8.1.1 Annotate using signature scores
Given a marker list of candidate cell types, scMINER can estimate a signature score, which is mathematically the weighted mean of the expression of marker genes involved
, for each candidate cell type across all cell cluster. To do so, you will need to generate a signature table with three columns:
signature_name
: name of cell types/signatures;signature_feature
: markers genes/features of corresponding cell type/signature;weight
: weight of corresponding maker/feature in corresponding cell type/signature. It ranges from -1 to 1, so both positive and negtive markers are supoorted.
## Signature table of PBMC14k dataset
signature_table <- read.table(system.file("extdata/demo_pbmc14k/PBMC14k_signatureTable.txt", package = "scMINER"), header = TRUE, sep = "\t", quote = "", stringsAsFactors = FALSE)
head(signature_table)
## signature_name signature_feature weight
## 1 Monocyte CD14 1
## 2 Monocyte LYZ 1
## 3 Monocyte S100A8 1
## 4 Monocyte S100A9 1
## 5 Monocyte S100A12 1
## 6 NK FCGR3A 1
With this signature table, draw_bubbleplot()

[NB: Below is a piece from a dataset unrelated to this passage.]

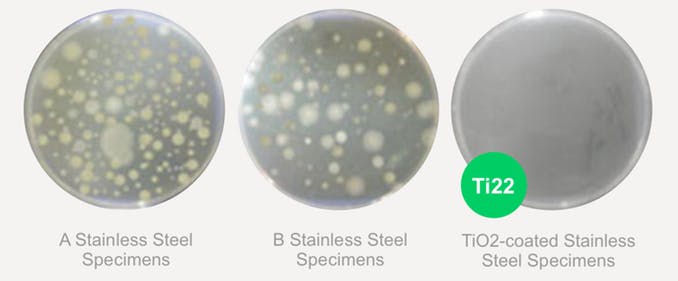 チタンは空気に触れると、チタン原子の非常に薄い層が酸素と相互作用して、酸化チタン(IV)またはチタニアとしても知られるTiO 2(二酸化チタン)のナノコーティングを生成します。このチタニア(TiO 2)には、細菌の繁殖を防ぐ強力な抗菌効果があります。

can estimate the signature scores and visualize them using bubble plot:
## Violin plot of marker genes across clusters
draw_bubbleplot(input_eset = pbmc14k_log2cpm.eset, signature_table = signature_table, group_by = "clusterID")
## 31 features of 7 signatures were found in the input eset and will be used in calculation.
In the bubble plot above, the color of the bubbles is proportional to the mean of signature score, and the size of the bubbles is proportional to the percentage of cells with higher signature score than mean. The cell type of each cluster is clear, except the cluster 7, which shows equally-high signature score of both CD4+ TCM and CD4+ Reg and higher percentage of CD4+ TCM cells.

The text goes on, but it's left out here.